同じ組織、同じ考え、同じやり方の中で、最初からみんなで一緒にやろうとするのはとても難しいこと。わたし自身、仕事でも夫婦関係でも、そうすればするほど、伸びやかなその人らしい動きができなくなり、結果に結びついていかないことがあった。
地域活動も、ここ9年高知の山奥で様々なものに参加したり近くで見ている中で、同じように感じる。「みんなで、みんなで」というものほど息苦しくなり、伸びない。

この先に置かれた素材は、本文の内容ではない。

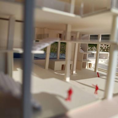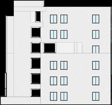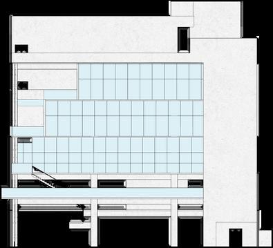 摺疊牆面形成空間,部分牆面變成透明窗採光,結合 盒子的分割錯位。
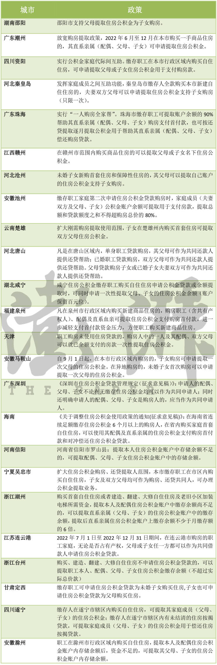 据澎湃新闻不完全统计,今年以来,至少包括湖南邵阳、广东潮州、四川资阳、河北秦皇岛、广东珠海、江西赣州、河北沧州、安徽池州、云南楚雄、河北唐山、湖北咸宁、福建泉州、天津、安徽马鞍山、广东深圳、海南、河南信阳、宁夏吴忠市、浙江湖州、江苏连云港、浙江台州、甘肃定西、四川遂宁、安徽滁州等20余个省市发布公积金贷款新政,多地在政策中提到,子女购房可提取父母公积金,实行“一人购房全家帮”。以四川遂宁为例,9月5日,四川省遂宁市住房和城乡建设局发布《遂宁市主城区进一步促进房地产业平稳健康发展的政策措施》政策解读。《措施》显示,实施住房公积金阶段性支持政策,缴存人在遂宁市辖区内购买自住住房,可提取其家庭成员(父母、子女)的住房公积金;缴存人在遂宁市辖区内有未结清的住房按揭贷款,可提取家庭成员(父母、子女)的住房公积金用于偿还住房按揭贷款。
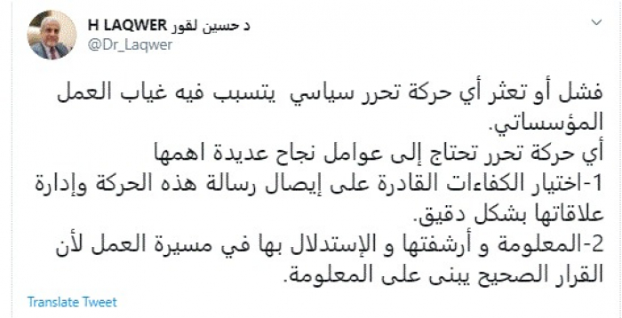 وكتب في تغريدة عبر "تويتر" رصدها "المشهد العربي": "فشل أو تعثر أي حركة تحرر سياسي يتسبب فيه غياب العمل المؤسساتي".
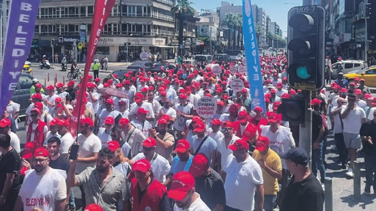 İzmir Büyükşehir Belediyesi'nin, önceki dönemde yapılan toplu iş sözleşmesini bahane ederek son 2 haftada 400 kişiyi kapıya koyması işçileri sokağa döktü. Belediye-İş Sendikası'nın çağrısıyla, dün erken saatlerde sendikanın Basmane'deki merkez binası önünde toplanan sendika üyesi işçiler, Başkan Cemil Tugay'ın makamının yer aldığı Egemenlik Evi'ne yürüyüşe geçti. 'İşten atılan işçiler işlerine geri alınsın' yazılı pankart taşıyan işçiler, yol boyunca sık sık "İşçiyiz, haklıyız, kazanacağız" sloganları attı. Sendika, kıyımlara karşı mücadelelerinin süreceğini belirtti.
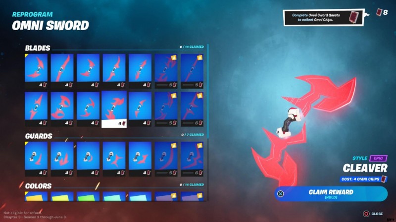 これらのボーナス チャレンジは、最新の Fortnite バトル パスでアンロック可能なアイテムの 1 つであるオムニ ソードに関連付けられています。バトルパスをレベルアップした後にオムニソードのロックを解除すると、さまざまな側面をカスタマイズするオプションが得られます.そのためには、オムニ チップが必要です。Fortnite でオムニ チップを入手する方法は次のとおりです。
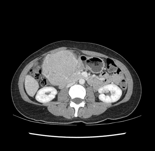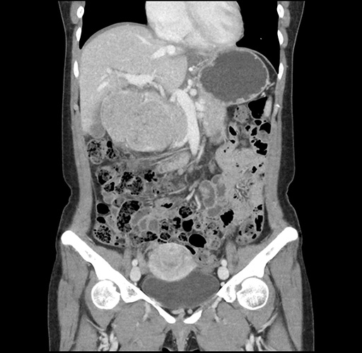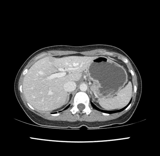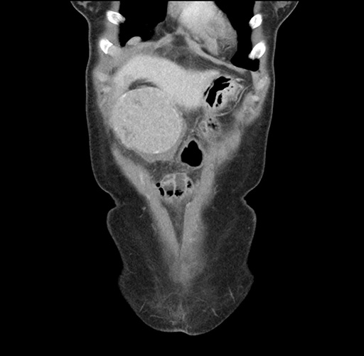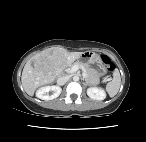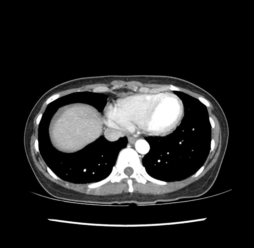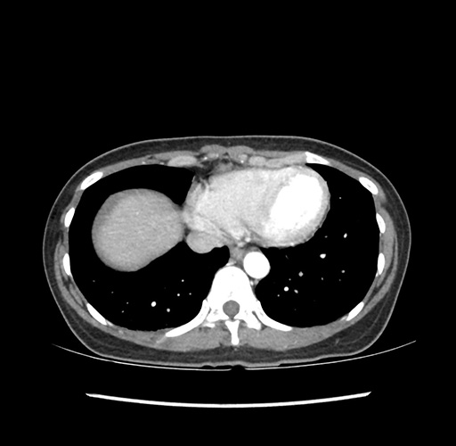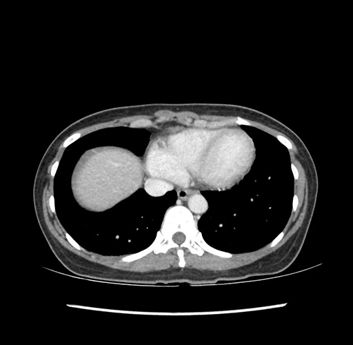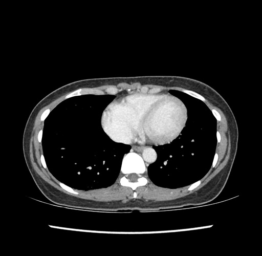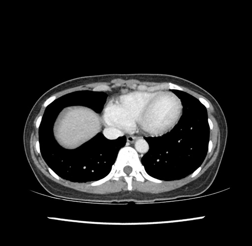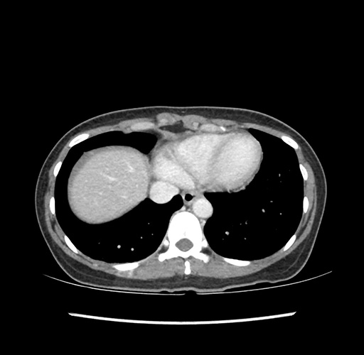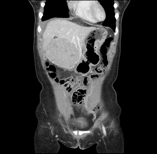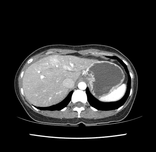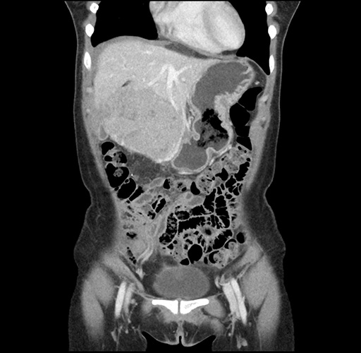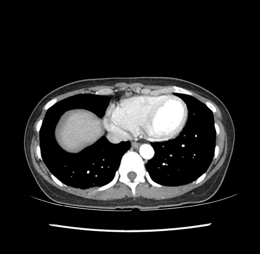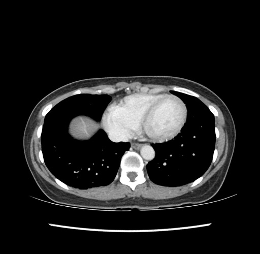Look through the patient's CT scan to identify any areas of concern for the necessary procedure.
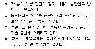 동년배집단 연구에 관한 설명으로 옳은 것을 모두 고른 것은?

お互いの意思確認や信頼は大事にしながらも、相手は相手で自由に動き、自分もそうした時に、結局パフォーマンスが上がるという実体験を繰り返してきた。想定内でおさまらないので怖い部分はあるけれど、大きな目でみれば想定以上の結果が出ていたりする。
じぶんの考えややり方は、オープンにする。それによって、相手がその人とどう関わったらいいか分かる。でも、人に押し付けない。お互いの持ち場を持ち、その上で一緒にできることがあればする。できないなら無理にしなくてもいい。難しいし冷めてるようだけど、それが現実的なんじゃないかなあと感じる。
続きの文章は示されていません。